Now ten, she decided that it was her personal mission from God to drive the English out of France and to have the rightful King, Charles VII, son of Charles VI, delivered to the throne.

Many folk in high places would mock and show contempt to the young shepherdess who, without any military training, wished to lead a French army into battle.

When she was seventeen, she made the  two hundred mile journey across English held territory in France in just eleven days to meet Charles VII himself at Chinon castle and persuade him to allow her to lead the army.

Orleans was certainly an important strategically positioned city in the Loire valley.

She was quick to turn the French militia into a formidable fighting force and although not engaging in battle herself, she was an inspirational mascot and brandished her banner as a weapon.

It is here where she would meet the dastardly knight Falstaff once again and this time in conflict.

Jeanne was instrumental in inflicting a humiliating defeat on Falstaff and the English in the battle of Orleans and she was proclaimed by the French people for her heroism.

It was she who had dragged the disgraced and cowardly Falstaff from his horse in the finality of the battle, placed him into captivity and then released him back to the English for no small ransom.

This was no mean match of a giant of a man to a small petite young girl.

The military victory at Orleans paved the way for Charles VII to be crowned King of France in a coronation conducted at the cathredal of Rheims, the traditional place for French royal investiture.

This was the point when Jeanne could or should have said that enough was enough and gone home to her family in Domremy and to milk the cows on the pastures but she did not.

Just like a prize fighter who could not refuse one more bout, she went into combat at Compiegne with plans to re-take Paris to what she envisoned was the completion of her mission.

But the plan was foolhardy and things quickly went  wrong.

She got trapped outside the city gates, was thrown from her horse in the melee and was captured by Burgundian forces allied to the English who soon ransomed her to the English for ten thousand crowns.

This would prove to be Falstaff’s redemption for his abject failure at Orleans.

He had been on hand to bring about Jeanne’s mishap as an act of revenge and he vowed there and then with a raucous laugh that she would never again see the light of day.

The manner in which Jeanne looked Falstaff in the eye in that lingering moment was penetratable to the very core of the heart and would not be forgotten.

Jeanne faced seventy charges and was unfairly trialled in a lawless inquisition in Rouen, the northern French city adopted by the English as their provinciial capital.

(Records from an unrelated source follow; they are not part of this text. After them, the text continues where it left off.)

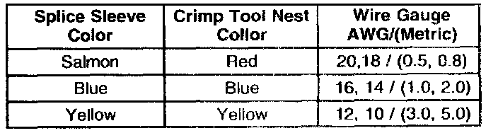 5. Select the proper splice sleeve (2) and the required crimp nest tool, refer to the Crimp and Seal Splice Table.
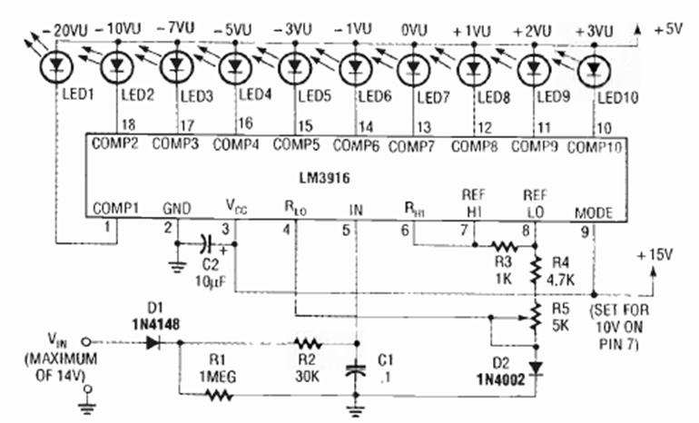 Encontrado en la revista Radio Electronics de marzo de 1992, este circuito tiene dos voltajes de alimentación. La tensión de entrada máxima es 14 V.
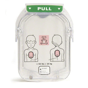 The Philips OnSite Infant/Child Cartridge Electrode Pads are designed for children under 8 years old or weighing less than 55 lbs. When connected, the Philips HeartStart OnSite AED automatically lowers shock energy and adjusts voice instructions. These pediatric SMART Pads provide safe, age-appropriate treatment in an emergency.
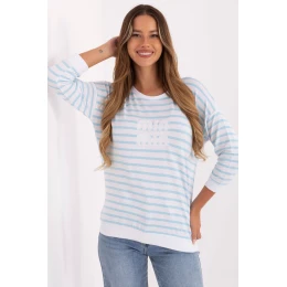 Ležérny dámsky top vyrobený z mäkkého mikromodalu s prídavkom elastanu pre pohodlie a dokonalé prispôsobenie. Vďaka klasickému okrúhlemu výstrihu a dlhým rukávom je model pohodlný a univerzálny, skvelý do práce aj na každý deň. Top štandardnej dĺžky zdobí jemný pruhovaný vzor a aplikácie na prednej strane mu dodávajú módny a moderný charakter. Model bez zapínania, ľahko kombinovateľný s inými kúskami oblečenia.
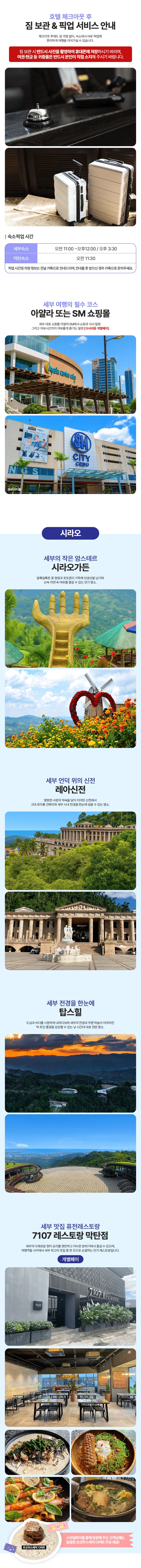 짐 보관 서비스로 손은 가볍게, 아얄라·SM몰 쇼핑과 시라오가든·레이아 사원·탑스 전망 등 대표 스팟을 한 번에 둘러볼 수 있어요.
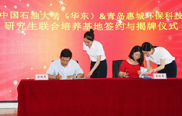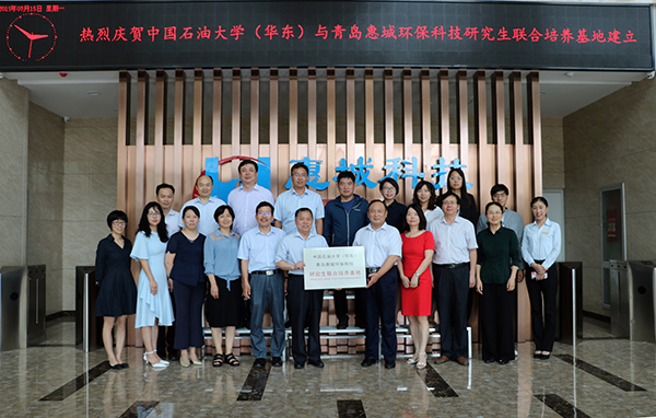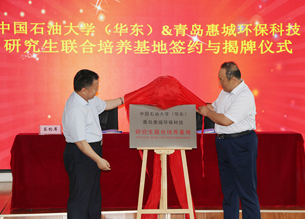 7月15日下午,“中國石油大學(華東)與青島惠城環??萍佳芯可摵吓囵B基地”揭牌儀式在公司研發中心隆重舉行,中國石油大學(華東)副校長、研究生院院長李兆敏,研究生院常務副院長閻子峰及學校其他領導、老師,我公司董事長張新功、常務副總經理葉紅攜公司核心技術人員及入學石大的學生代表共同出席了此次揭牌儀式。
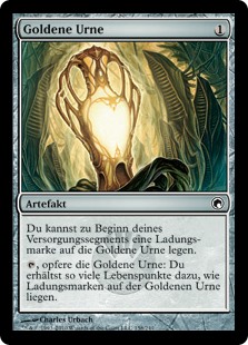 | Rules | At the beginning of your upkeep, you may put a charge counter on Golden Urn. , Sacrifice Golden Urn: You gain life equal to the number of charge counters on Golden Urn. |
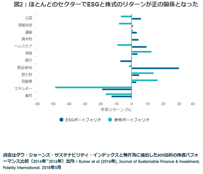 まず、企業イメージやブランド価値の向上が挙げられます。さらに、実際の投資額が増える、株価が上がるなど、経済面でのメリットもあると言えるでしょう。ファイナンシャルサービス企業であるフィデリティ・インターナショナルの調査によると、業界ごとのばらつきが大きいものの、ESGの評価が高い企業が、そうでない企業より株式のリターンが向上し、全体的なボラティリティ(価格の変動性)が低いことが明らかになりました。
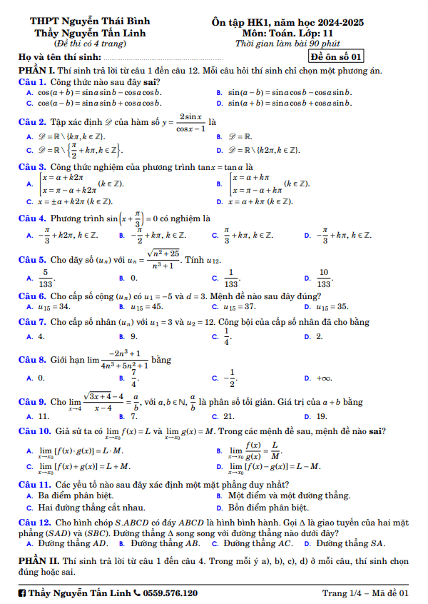 Đề Thi HK1 Toán 11 Đề ôn tập HK1 Toán 11 năm 2024 – 2025 trường THPT Nguyễn Thái Bình – TP HCM 21/12/2024

She was accused, amongst other things,  of wearing mens clothes, of cutting her hair like a pageboy, of horse theft and being a heretic and a witch.

The charges were, of course, trumped up to have her removed from the fray and discredit France as a nation.

You can bet your bottom dollar that Falstaff was there as the indictment was read out to her.

We can only imagine that attempts were made to abuse her in custody but she remained until her last breath a young woman, just nineteen at deaths door, of unbreakable piety, chastity and humility whose courage and conviction could not be broken.

She was to be burnt at the stake in the old market square of Rouen at first light on the morning of 30th May 1431.

Falstaff’s remorseless face was the last Jeanne saw before she died and her echoing screech that they her accusers could take her life but not her heart could be heard for miles around.

Jeanne d’Arc.  La Purcell, as she preferred to be called.  The Maid of Orleans.  Call her what you will.  Heroine of the French people to this day.

The Hundred Years War came to an end in 1453 when the English realized that the French could not be defeated for  territory in their own backyard.

With some lamentable degree of irony, her face and voice was the last echo of humanity in Falstaff’s world when he finally kicked the bucket a few years after the end of the war in 1459.

William Shakespeare did not write history per se but he certainly interpreted it.

Falstaff may have had the last laugh in battle but Jeanne won the war for France.